In this sense I am also an expert. But of course I am especially
an expert on the things I have explored intensively, perhaps
more than others. That is for instance this development over the
first years. It is unlikely that there are many who have
followed this as I have. After all at the time I was already
freelancing and was able to do more or less what I found
interesting. Almost all my colleagues, Hacke, Nees or Noll and
all the others had a permanent job of some kind and could not do
what I did, which is to remain systematically up to date about
what is going on. And of course I could participate in many
discussions, I wrote a few books, which again led to new
contacts. This has allowed me to get to know many people, to
travel, so that in this domain I am of course an expert. In this
domain there are many questions that have been explored very
intensively, but often these are tiny details. For instance,
over the past two years I have worked on making animations with
the programming system Mathematica. Then I simply compiled a
book from my own experience, and so I could say that I am an
expert in animations with the Mathematica system. But if someone
comes along and asks me how to solve differential equations with
the system, I have to say, for God's sake, don't ask me, I have
no idea.
Although the system is quite useable, Mathematica is strangely
structured, and you have to be something like a Chinese
calligrapher, of which they say there are only five who really
know all the signs, and all the others just use a few of them
and make do with those. Those, however, who know them all, don't
get anything else done, because they continuously have to be up
front to keep themselves up to date or to complement.
So I am no expert for Mathematica, but just for a tiny subspace
of it. And in many other domains it is the same, one can say
there is a strange lack of knowledge in the vicinity of expert
knowledge.
» You are in a sense an expert in
familiarizing yourself with the greatest variety of domains?
HF: I could also say
that I am an expert on the overarching relations between
different branches of science, on the overview that arises. I
have noticed this in many discussions.

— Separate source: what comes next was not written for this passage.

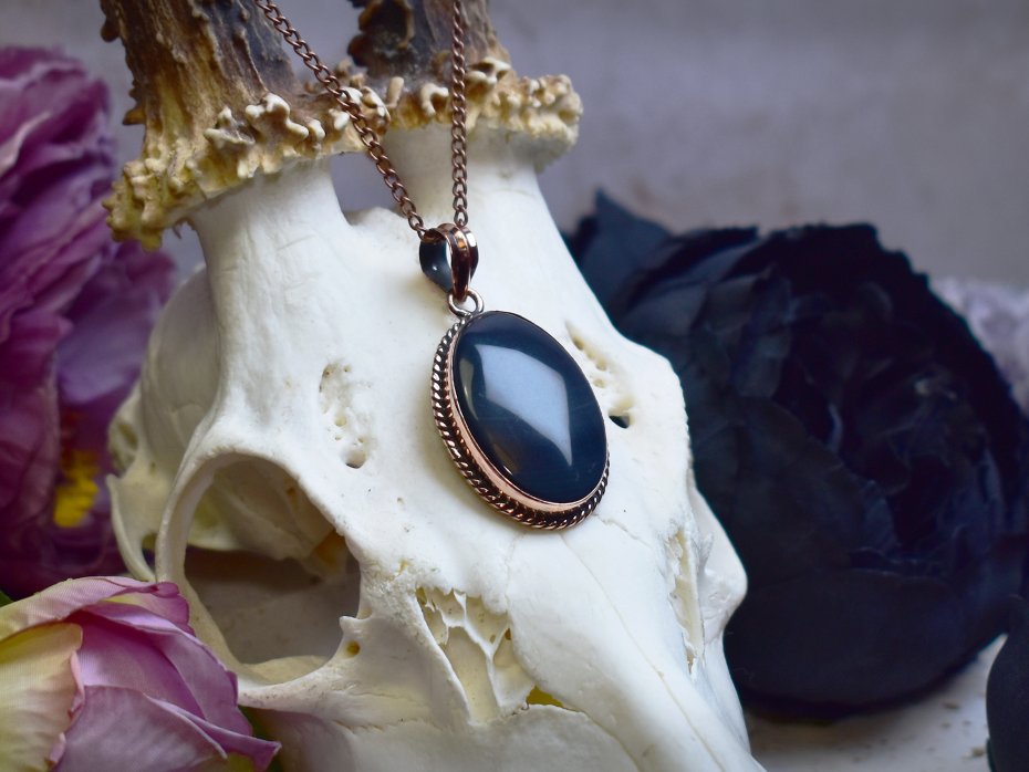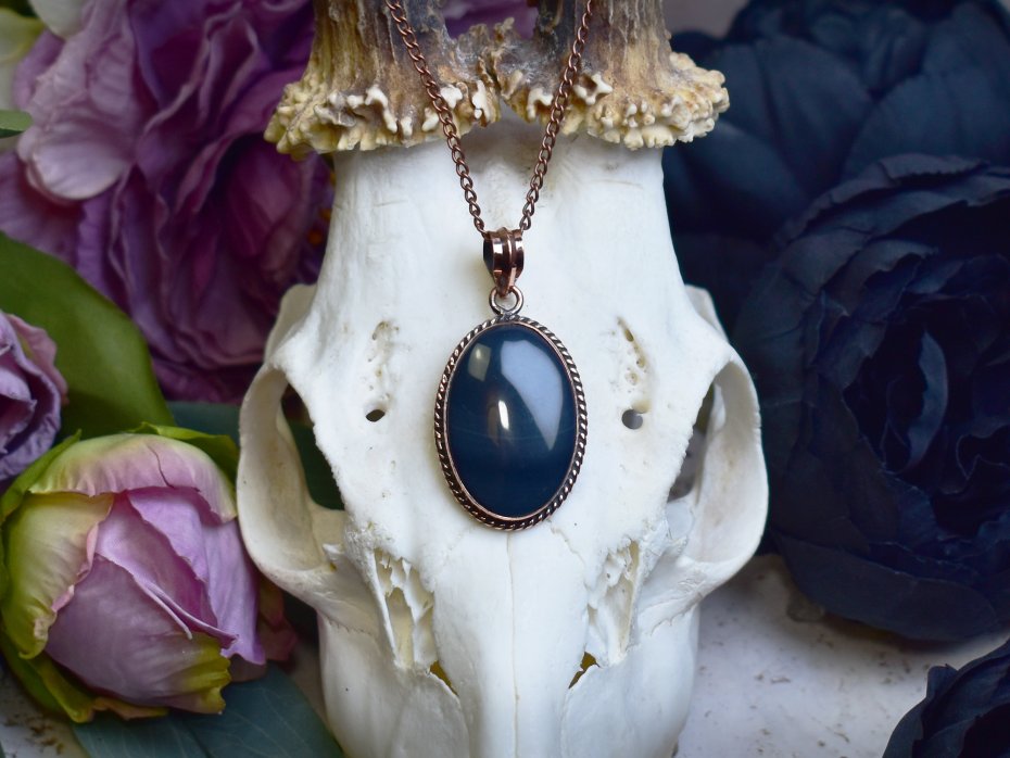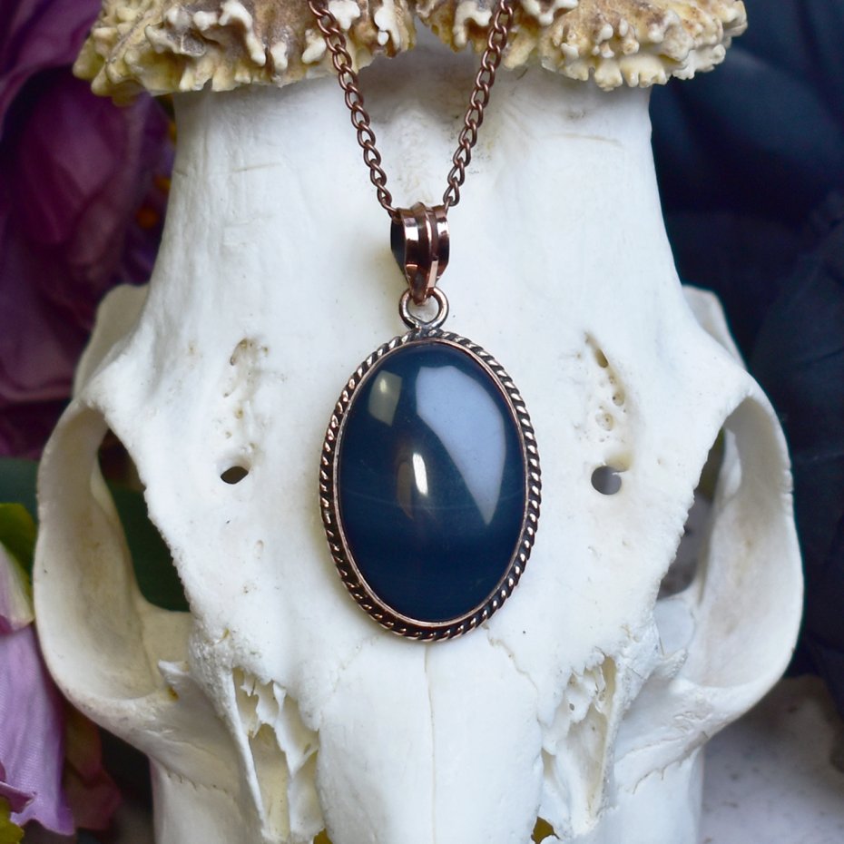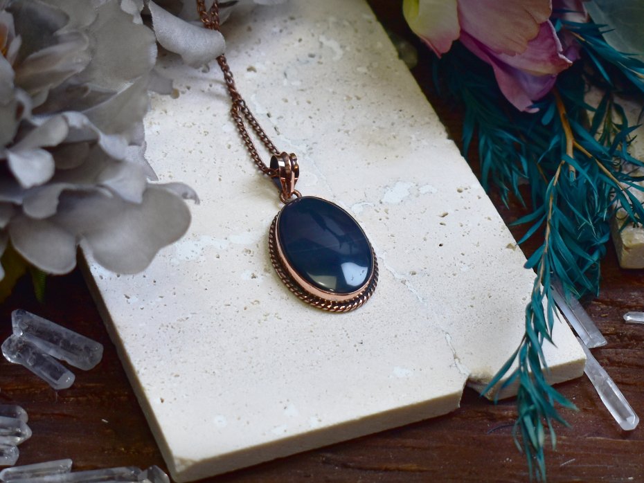 Miedziany wisiorek wykonany tradycyjnymi metodami rzemieślniczymi, ozdobiony czarnym agatem Botswana – kamieniem o intensywnym, głębokim odcieniu czerni z charakterystycznymi, delikatnymi pasami i wzorami. Agat Botswana uznawany jest za kamień ochronny, sprzyjający wyciszeniu umysłu, harmonii emocjonalnej oraz zwiększeniu wewnętrznej siły i odwagi. Kontrast ciemnego kamienia z ciepłym odcieniem miedzi tworzy elegancką i wyrazistą kompozycję, podkreślającą naturalne piękno minerału. Wisiorek łączy klasyczną formę z surowym charakterem kamienia, nadając biżuterii ponadczasowy i subtelnie mistyczny wyraz. To wyjątkowa propozycja dla osób ceniących rękodzieło, unikatowe minerały i biżuterię o symbolicznym znaczeniu.

When you discuss art,
then you enter many different domains, after all I don't know in
advance what I will be asked in such a discussion. One person
wants to know about the color structure of a given image,
created with a given computer program, the other asks me whether
there is something divine to be found in oil paintings. I have
noticed with many people who are indeed experts in arts or
cybernetics, that they are splendid in their domain and know
everything. But it's not enough to take into account only one
thing. Another also has its influence, and then suddenly they
have reached their limits. And I am in the comfortable position
to be able to link many things with each other. I have been
forced to work quite intensively with information theory, which
is mathematically quite demanding, with the theory of automata,
cellular automata, then of course programming, what is behind
it, what are their fundamental possibilities. But in the first
few years I have also worked on building computers out of the
smallest electronic parts.
In my work I have also been a writer and have worked on science
fiction, or have come across physical problems of speleology.
Before starting to write science fiction I had to collect
precise information and see whether I can present things this
way and I think I have made few mistakes. This overview is
there, but of course you cannot demand the detail from me.